Chandramukhi was released on 14 April 2005 on the eve of the Tamil New Year. The film became a major box office success, the highest grossing Tamil film of the year with a theatrical run of 890 days at Shanti Theatre. The film won five Tamil Nadu State Film Awards, four Film Fans' Association Awards and two Filmfare Awards. Jyothika and Vadivelu were each awarded a Kalaimamani Award for their work on the film. A sequel Chandramukhi 2 was released in 2023.

== Plot ==
Dr. Saravanan, a psychiatrist, visits India while on vacation. He meets up with his foster brother Senthilnathan, alias Senthil, and his wife Ganga. Senthil's mother Kasthuri wanted him to marry Priya, the daughter of his father's cousin Kandaswamy, to reunite the two branches of the family after 30 years of separation; this is because Senthil's father chose to marry Kasthuri instead of Akhilandeshwari, Kandaswamy's sister. When Saravanan learns that Senthil has bought the Vettaiyapuram mansion, despite attempts by the local village elders to dissuade him, he decides to also move into the mansion. Akhilandeshwari is jealous of Saravanan and plots to kill him with the help of her assistant Oomaiyan.

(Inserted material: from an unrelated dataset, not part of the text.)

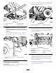 g036769 Рисунок 35 1. Соединитель с шаровым шарниром в сборе 4. Контргайка 2. Рычаг переключения передач в сборе 5. Зажимные гайки 3. Кронштейн троса переключения передач 6. Трос переключения передач g034126 Рисунок 36 3. Отрегулируйте рабочий ход троса между кронштейном и рычагом переключения передач в сборе так, чтобы трос обеспечивал включение нужных передач. 1. Фланцевый болт (5/16 x 1-1/4 дюйма) 3. Панель пола 2. Болт (1/4 x 1-1/4 дюйма) 4.

When the family visits a temple, the chief priest reveals the reason everyone fears the Vettaiyapuram mansion. Some 150 years earlier, a king named Vettaiyan travelled to Vizianagaram in Andhra Pradesh, where he met and lusted after a dancer named Chandramukhi. However, she did not reciprocate his feelings as she was already in love with a dancer named Gunashekaran. As a result, Vettaiyan took her back to his palace by force. Unknown to him, Chandramukhi made Gunashekaran stay in a house nearby and met with him in secret. When Vettaiyan discovered this, he beheaded Gunashekaran on Durgashtami and burnt Chandramukhi alive. Chandramukhi's ghost has haunted the southwest room of the palace ever since, in order to take revenge on the king. Later, the marriage between Priya and Vishwanathan, a dance professor, is supported by Saravanan; he then asks Kandaswamy to arrange their marriage.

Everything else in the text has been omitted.